3. Graduation rates. This has become a key issue in light of comments by Chairman Egan decrying what he mistakenly reported as very low 4-year graduation rates in SUNY, the inclusion of graduation rates as a key element in a revised Budget Allocation Process, and emphasis on graduation rates in Mission Review II. The Provost acknowledged that there are significant “statistical” problems with graduation rate as a measure (he emphasized the lack of tracking of transfer students in or out of an institution), but also declared that they are still a measure of interest. Binghamton, meanwhile, was held up as a top achiever in this category, with our 4-year graduation rate ranking third among public doctoral institutions in the U.S. Data on SUNY graduation rates are available from the SUNY Provost’s web site (scroll down to section C14; there are lots of other interesting data available as well).

 

4. Mission Review II. This is an ongoing process by System Administration to set performance goals for the campuses. Presidential achievement is tied to these goals, to no small extent. The process involves submission of a report by the campus to System Administration (done in December; BU’s was largely the revised Strategic Plan draft), a visit by members of the Provost’s staff to campus for a formal meeting to discuss and formalize goals related to the campus’ mission, and the drafting and signing of a Memorandum of Understanding between the campus president and System Administration. Both the Chancellor and Provost emphasized the importance of faculty involvement in this process. The Senate passed a resolution requesting that campus governance leaders and University faculty senators be part of the campus teams that will meet with System people.

 

5. SUNY Libraries. Several presentations were devoted to the state of library funding across SUNY. Of particular interest and importance: the widespread loss of buying power (and at some campuses actual dollar reductions in library budgets) over the last 5 years; SUNY enrollment in the ARTstor data archive for art materials; the nature of the new ScienceDirect contract between SUNY and Elsevier. The latter involves a 5-yr contract through 2009, with SUNY System Administration picking up $30 million in costs, individual campuses held to 1% annual increases in their subscription costs for existing journals, online-only (no hard copy) access, no cancellations of existing titles, an increase in number of online titles available, and no funding in place post-2009. ARTstor (accessible through the BU Library web page) is a consortium that has acquired rights to some 500,000 digital images of artwork and architectural items; access is now available for teaching and research purposes.

 

6. Budget and tuition. Governor’s budget would authorize an increase in total funds appropriated to SUNY, but with the actual increase obtained through a $500 tuition increase. This is almost certain not to fly, at least at that level (at the very least because the proposed CUNY increase is only $250, and CUNY is not supportive of even that, apparently). The budget also includes an indexed tuition increase in future years to pay for faculty hiring (among other discretionary increases). Incoming students would be guaranteed 4 years of stable tuition, assuming State tax dollars are not withdrawn and that the State picks up mandatory cost increases. There has been extensive coverage of this proposal as Chancellor King tours the state to explain and lobby for its implementation.

 

7. Academic Bill of Rights. Trustee de Russy has asked the Board of Trustees to make this document SUNY policy. The document essentially requires “equal treatment of opposing viewpoints”. It has been used to argue for equal hiring of faculty with divergent political views and/or to require that multiple viewpoints on “controversial” issues be presented (both in terms of speakers and in the classroom). The Bill of Rights is presented in terms of academic freedom, even as it seeks to redefine academic freedom. The American Association of University Professors puts it this way:

“The proposed Academic Bill of Rights directs universities to enact guidelines implementing the principle of neutrality, in particular by requiring that colleges and universities appoint faculty "with a view toward fostering a plurality of methodologies and perspectives." The danger of such guidelines is that they invite diversity to be measured by political standards that diverge from the academic criteria of the scholarly profession. Measured in this way, diversity can easily become contradictory to academic ends.”

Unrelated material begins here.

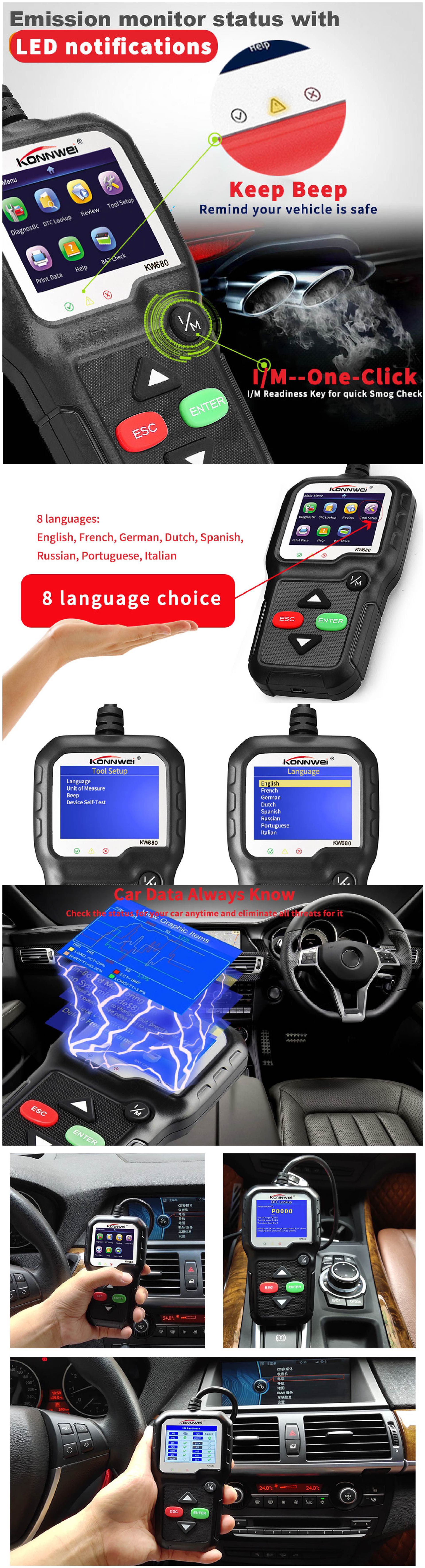 This product CAN only test 12V for compliance with OBD2,EOBD standards, which are one of the five agreements: CAN, J1850 PWM, J1850 VPW, ISO9141, KWP2000 for gasoline/diesel/hybrid vehicles.All 24V carts, trucks, and electric vehicles are not detectable.Support 8 languages: English, French, German, Dutch, Spanish, Russian, Portuguese, Italian;No Chinese.It can detect the voltage of automobile battery.The computer can print the car trouble code.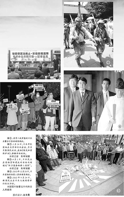 目前,日本国内的政治气候逐渐向参拜靖国神社“合理化”的方向发展。2013年12月,安倍晋三不顾国际社会的强烈反对,悍然以首相身份参拜供奉甲级战犯的靖国神社。今年4月,安倍又以首相身份向靖国神社供奉祭品,紧随其后,140多名跨党派国会议员集体“拜鬼”。安倍晋三在其著述《致美丽的祖国》中妄称,参拜靖国神社“目的是向为我们国家献出生命的人表达尊崇的心情”。他还质疑“东京审判”的法理依据,狡辩称“战犯在国内法上不是罪犯”,所谓“‘甲级战犯’存在着误解”。 日本政府审定通过否认殖民及军国主义侵略罪行的历史教科书误导日本新生代。右翼团体“新日本历史教科书编撰会”肆意歪曲历史,鼓吹殖民及军国主义侵略有理。日本政府借口该历史教科书是由民间学者编撰,极力淡化日本中小学教科书均须交文部科学省审定的责任,并以“学习指导要领”解说书的形式,纵容“新历史教科书编撰会”肆意歪曲历史事实。

Chancellor King didn’t exactly repudiate the approach in his remarks, but he did indicate that there would be considerable discussion of the issue and that there wouldn’t be a rush to a conclusion.

 

8. Hazing and transcripts. SUNY is moving forward with a requirement that student transcripts note “convictions” through campus judicial proceedings for hazing and “other serious violations” (the nature of which were not explained to us).

 

9. Changes in Criteria for Chancellor’s Awards and Distinguished rank. Several resolutions were passed to clarify criteria for Distinguished rank and granting of multiple Chancellor’s Awards for excellence. Once Distinguished rank is granted, it cannot be granted again (i.e., if one is promoted to be a Distinguished Teaching Professor, one cannot then become a Distinguished Professor or Distinguished Service Professor). This is based on the recognition that the title “Distinguished ... Professor” is one of rank, just as Professor is, and one can’t be promoted twice to the same rank. Next, once receiving a Chancellor’s Award, one must wait at least 10 years before receiving another Chancellor’s Award for a different purpose (e.g. research, teaching). Finally, a faculty member holding Distinguished rank may not receive a Chancellor’s Award in the same area of excellence.

 

10. Tenured and non-tenured faculty. A resolution was passed that requests campuses to develop “target ratios of full time tenure tack faculty to non-tenure track adjunct faculty” and incorporate these, with a timetable, into their Mission Review II MOUs. This reflects concerns on the increasing use of adjunct, part-time faculty at all campuses. It also reflects concern with a decision reached by the State Ed. Board of Regents (that oversees education for all of New York) that requires only 40% of faculty be full-time in teacher education programs that have high pass rates on state teachers exams.

 

11. Energy costs and policies within SUNY. The Operations Committee of the University Faculty Senate has been investigating the challenges faced by SUNY in the energy sector, particularly in light of Governor Pataki’s executive order that requires use of renewable energy sources. A preliminary report was presented at the Plenary, recommending approaches that campuses can take, individually and jointly, to move forward on the energy front. Of note: the University at Buffalo is cited as the most prominent example in SUNY of a forward-looking energy policy.

 

12. Next UFS President. The University Faculty Senate will be electing its next President at the April plenary meeting. The President serves as presiding officer of the Senate, but is also the chief faculty governance voice in discussions with System Administration and others on issues of shared governance. 3 candidates accepted nomination: Jim McElwaine (SUNY Purchase), Carl Wiezalis (Upstate Med Center) and yours truly, Peter Knuepfer. Expressions of condolence, references to mental-health specialists, and any other wishes, good or bad, are accepted.